Lab: PDF Data

Author

Your Name Here

You can see the purpose of this assignment as well as the skills and knowledge you should be using and acquiring, in the Transparency in Learning and Teaching (TILT) document in this repository. The TILT document also contains a checklist for self-reflection that will provide some guidance on how the assignment will be graded.

1 Data Source

The University of Nebraska publishes the operating budgets by department on an annual basis on the UN System business and finance office website, with an archive page that contains budgets from previous fiscal years.

With impending system-wide budget cuts, our goal is to extract salary data as well as job position data, to determine how much of the cost growth is attributable to growth in administrator salaries, faculty salaries, staff salaries, and other costs.

I have preemptively included 4 budget reports in this repository, spaced at 5 year intervals, but you are welcome to include more years if you would like to do so. The budget reports are lengthy (each report is between 1350 and 1500 pages, and that is just for city campus – it does not include IANR, the law school, the dental college, etc.).

2 Warming Up

2.1 PDF Format

What type of PDF files are these? Based on the format, what would you have to do to process the PDFs and extract text and/or tabular information (in broad terms)?

your answer here


2.2 PDF Structure

Take a look at the provided PDFs in your default PDF viewer (acrobat, reader, chrome, xPDF, etc). Do they have a consistent structure across years? Across departments? Make a list of at least 3-5 problems you expect to have to overcome if you scrape data from the PDFs. Include screenshots where it is relevant to do so (similar to Fig 34.4 in the textbook), and make sure your images are included using appropriate markdown syntax, captions, and hyperlinks. Discuss how you might overcome these problems and why the PDF format leads to processing challenges.


List here


Supporting screenshots/discussion here


2.3 Plan of Attack

What strategy would you use to read in the budget data to minimize the amount of post-processing you need to do? Explain your reasoning.


Strategy here

Explanation


2.4 Acquiring Metadata

Use a PDF library to programmatically examine each PDF. Use a functional approach, and organize the metadata in a table, with one row per file. Do you notice any anomalies or unfamiliar metadata components which might be important? Propose a possible hypothesis for any anomalies you discover, and research/explain any unfamiliar terms in the metadata that you identified.


Code chunk should replace this line


Your response to open-ended questions goes here


2.5 Anomalies and Strategy Adjustments

Considering what you discovered in the previous step, do you need to adjust your strategy for reading in the data? Why or why not? Investigate any differences in metadata values across files, and determine whether or not the variation(s) may pose problems for your analysis.
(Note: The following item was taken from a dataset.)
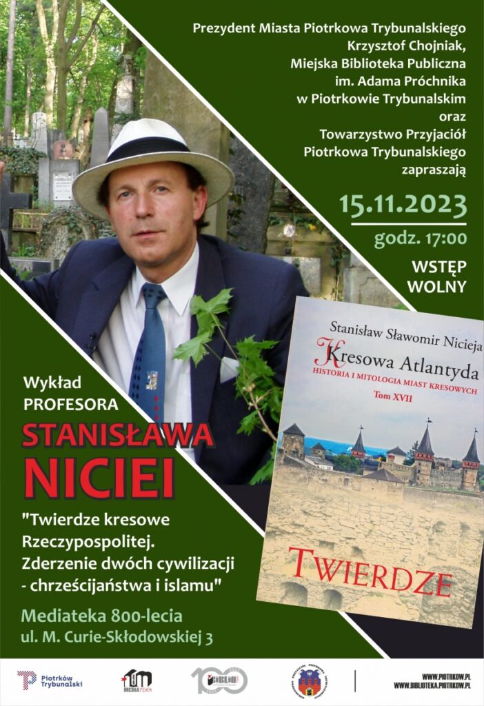Miejska Biblioteka Publiczna zaprasza w środę (15.11) na wykład prof. Stanisława Niciei pt. „Twierdze kresowe Rzeczypospolitej. Zderzenie dwóch cywilizacji – chrześcijaństwa i islamu”. Będzie to trzecie spotkanie z cyklu pn. „Kresy” organizowanego przez Towarzystwo Przyjaciół Piotrkowa Trybunalskiego. Początek spotkania o godz. 17.00 w Mediatece 800-lecia.

Code chunk should replace this line (delete line and break if not needed)


Your response to open-ended questions goes here


3 Extracting the Text

Now that you’ve examined the metadata and prepared a strategy, let’s see if we can extract the text from each budget report.

3.1 Identify Relevant Pages

Develop a function that takes the path to a PDF file and identifies which pages have tabular salary data on them (e.g. get a range of pages with the salary information). Use your function to create a table with columns file_name, page_start, and page_end.


Code Chunk


3.2 Read in Relevant Text

Develop a function read_salary_data(file, start, end) which will read in all of the salary data from the pages with tables, using the 2025-2026 salary report as a guide. You should not generalize to other years yet. Use the pdf_text function in tabulapdf (R) or the read_pdf function in the tabula-py package (python).


Code Chunk


3.3 Plan your Approach

What processing steps would you use to get the text vectors from this function into a table? Make a detailed list of the necessary steps. Are there any steps you do not think will be consistently successful or generalizable? Is there information your steps sacrifice to read things in cleanly?


Your answer should include an ordered list of steps (indent with at least 2 spaces to form a nested list, if necessary), as well as a response to the open-ended questions at the end.


3.4 Would Coordinates Help?

There are other functions in the tabula software which provide the coordinates of each piece of text. How might this make it easier to ensure tables are read in correctly?


Your answer


3.5 Explore Package Documentation

Find a function that will provide coordinates for each text component, and write out the steps you might use to convert this data into a clean tabular format. What challenges will you face?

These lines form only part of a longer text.